Records contained in a dataset:
►

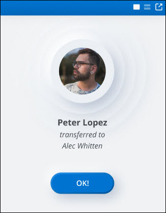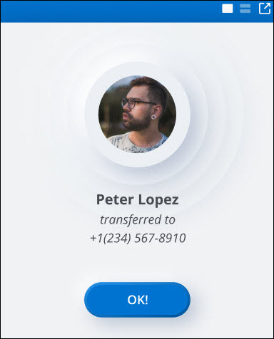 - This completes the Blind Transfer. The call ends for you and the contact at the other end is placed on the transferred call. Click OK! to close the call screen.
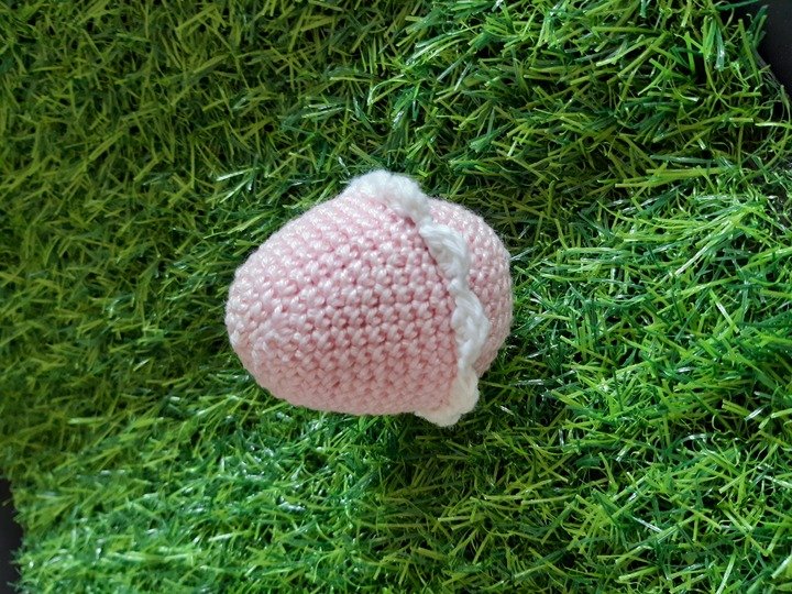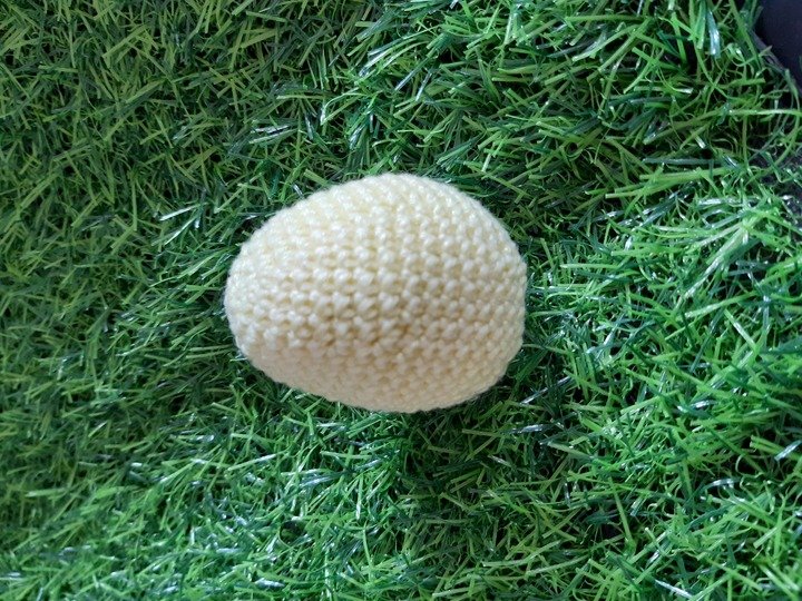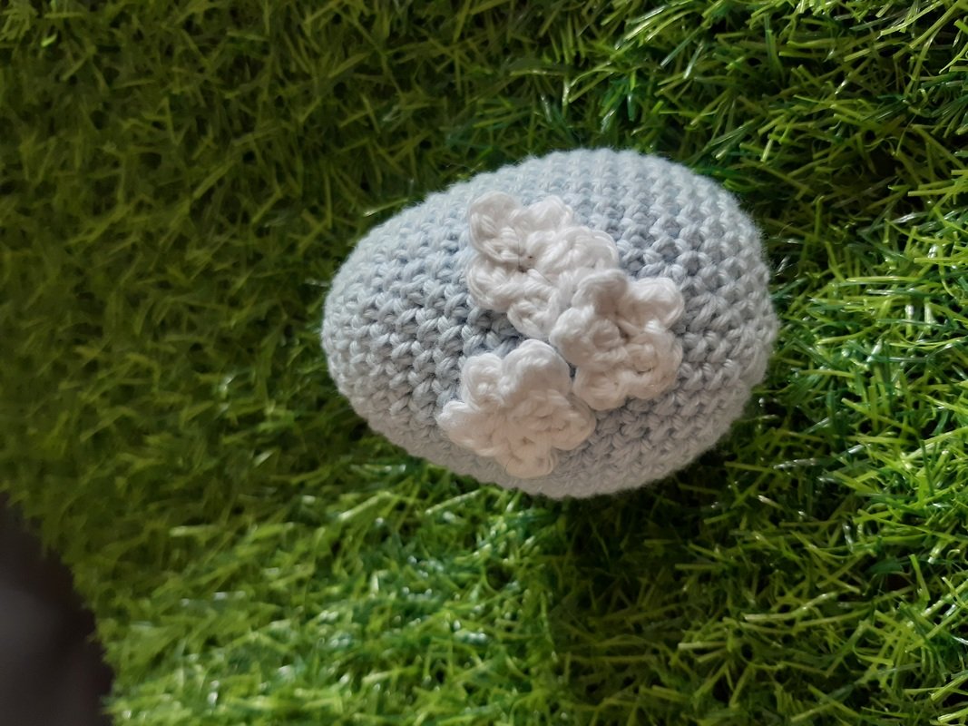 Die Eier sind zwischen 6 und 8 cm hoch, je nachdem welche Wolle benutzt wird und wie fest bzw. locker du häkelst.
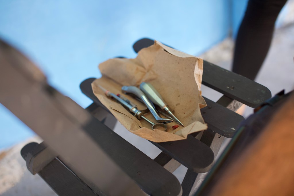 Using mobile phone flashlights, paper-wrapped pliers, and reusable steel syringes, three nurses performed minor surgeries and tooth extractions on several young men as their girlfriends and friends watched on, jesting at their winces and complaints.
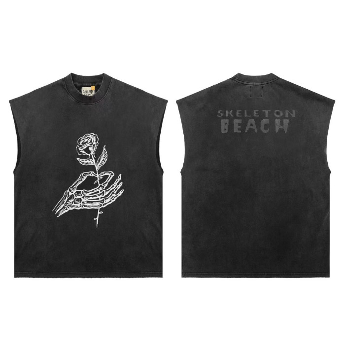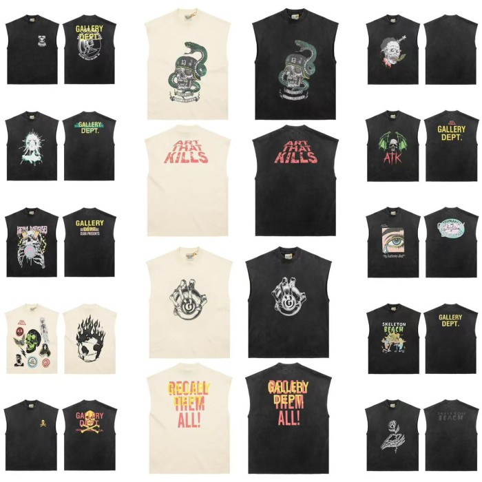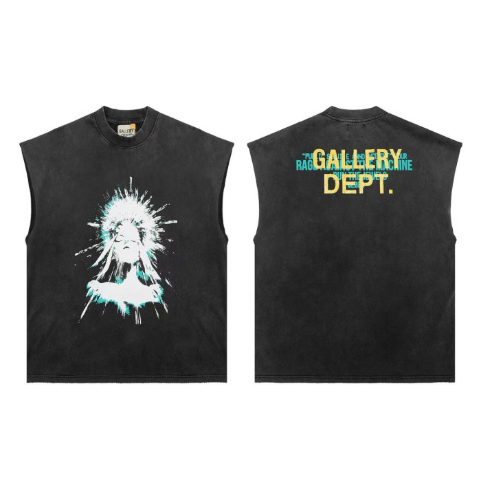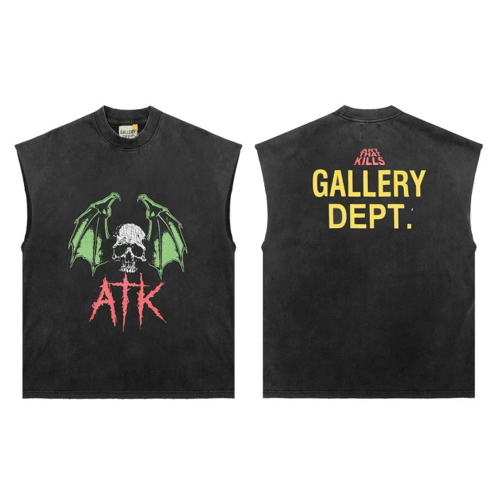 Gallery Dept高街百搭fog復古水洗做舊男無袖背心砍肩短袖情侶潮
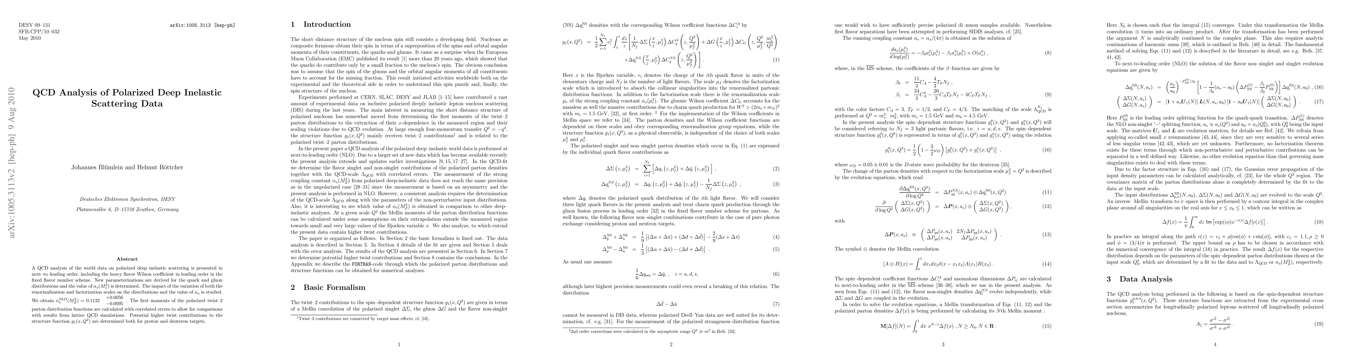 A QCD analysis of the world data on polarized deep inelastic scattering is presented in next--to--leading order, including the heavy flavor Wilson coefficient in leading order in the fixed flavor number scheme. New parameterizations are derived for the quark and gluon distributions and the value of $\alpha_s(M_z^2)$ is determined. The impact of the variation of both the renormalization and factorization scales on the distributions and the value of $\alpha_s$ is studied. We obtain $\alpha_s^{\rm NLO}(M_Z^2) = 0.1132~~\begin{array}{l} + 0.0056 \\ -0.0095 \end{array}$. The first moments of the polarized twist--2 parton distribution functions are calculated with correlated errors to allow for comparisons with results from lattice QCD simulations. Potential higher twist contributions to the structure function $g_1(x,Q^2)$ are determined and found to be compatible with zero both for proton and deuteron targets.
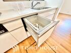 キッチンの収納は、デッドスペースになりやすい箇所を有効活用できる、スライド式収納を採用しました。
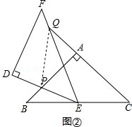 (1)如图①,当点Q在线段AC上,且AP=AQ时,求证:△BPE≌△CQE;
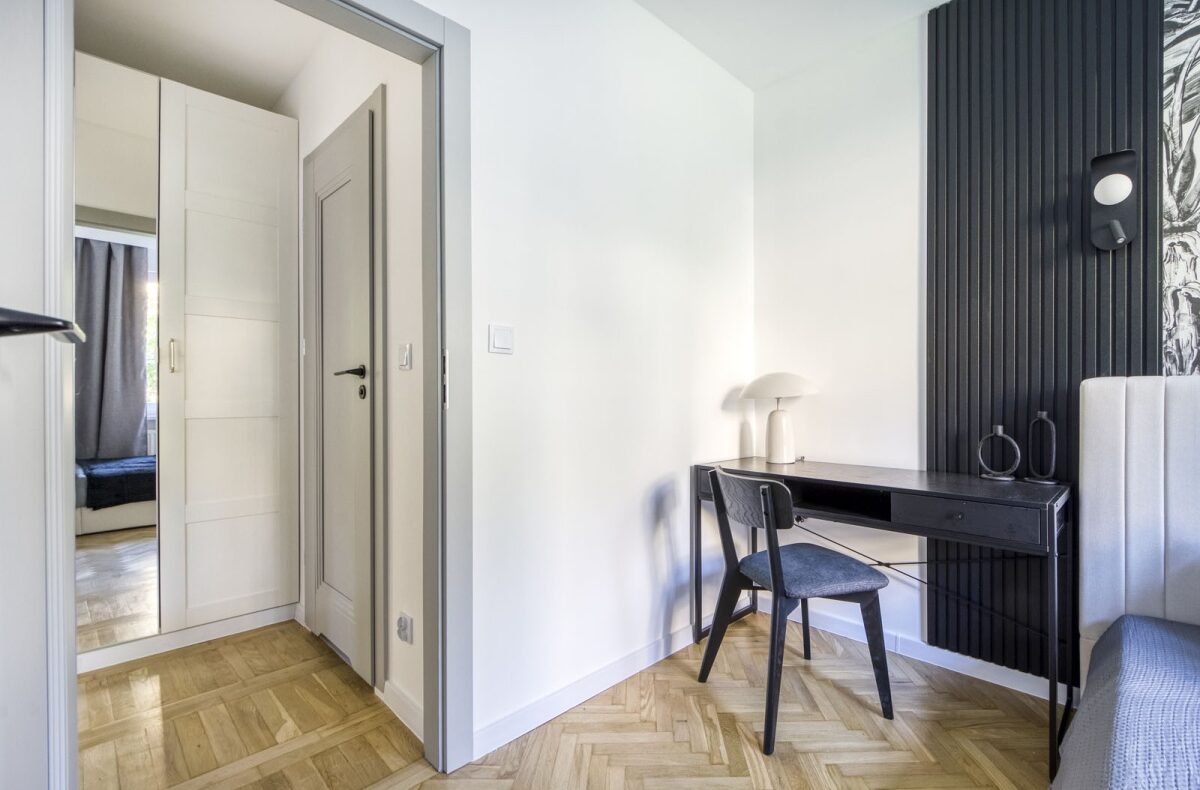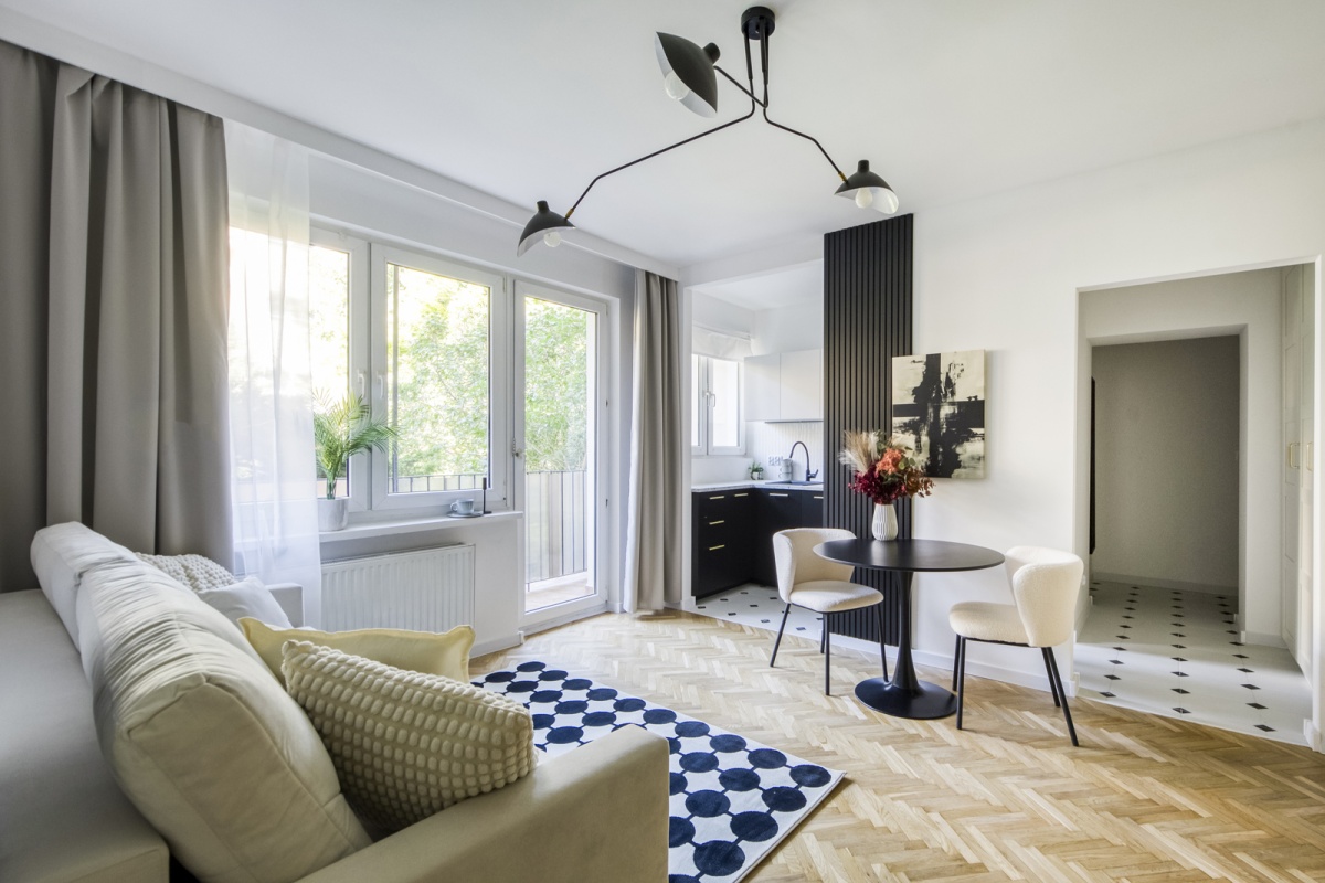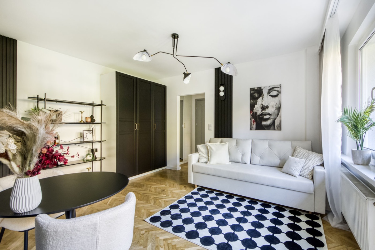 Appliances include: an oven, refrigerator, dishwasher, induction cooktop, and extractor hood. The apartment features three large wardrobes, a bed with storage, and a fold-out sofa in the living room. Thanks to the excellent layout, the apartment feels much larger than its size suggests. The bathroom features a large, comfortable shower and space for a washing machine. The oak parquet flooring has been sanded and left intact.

◄

TRY IT:
Starting at the line that contains "キッチンの収納は、デッドスペ", transcribe each line through the last one of the entries above, exactly and without pictures.

WRITTEN REPLY:
 キッチンの収納は、デッドスペースになりやすい箇所を有効活用できる、スライド式収納を採用しました。
 (1)如图①,当点Q在线段AC上,且AP=AQ时,求证:△BPE≌△CQE;
 Appliances include: an oven, refrigerator, dishwasher, induction cooktop, and extractor hood. The apartment features three large wardrobes, a bed with storage, and a fold-out sofa in the living room. Thanks to the excellent layout, the apartment feels much larger than its size suggests. The bathroom features a large, comfortable shower and space for a washing machine. The oak parquet flooring has been sanded and left intact.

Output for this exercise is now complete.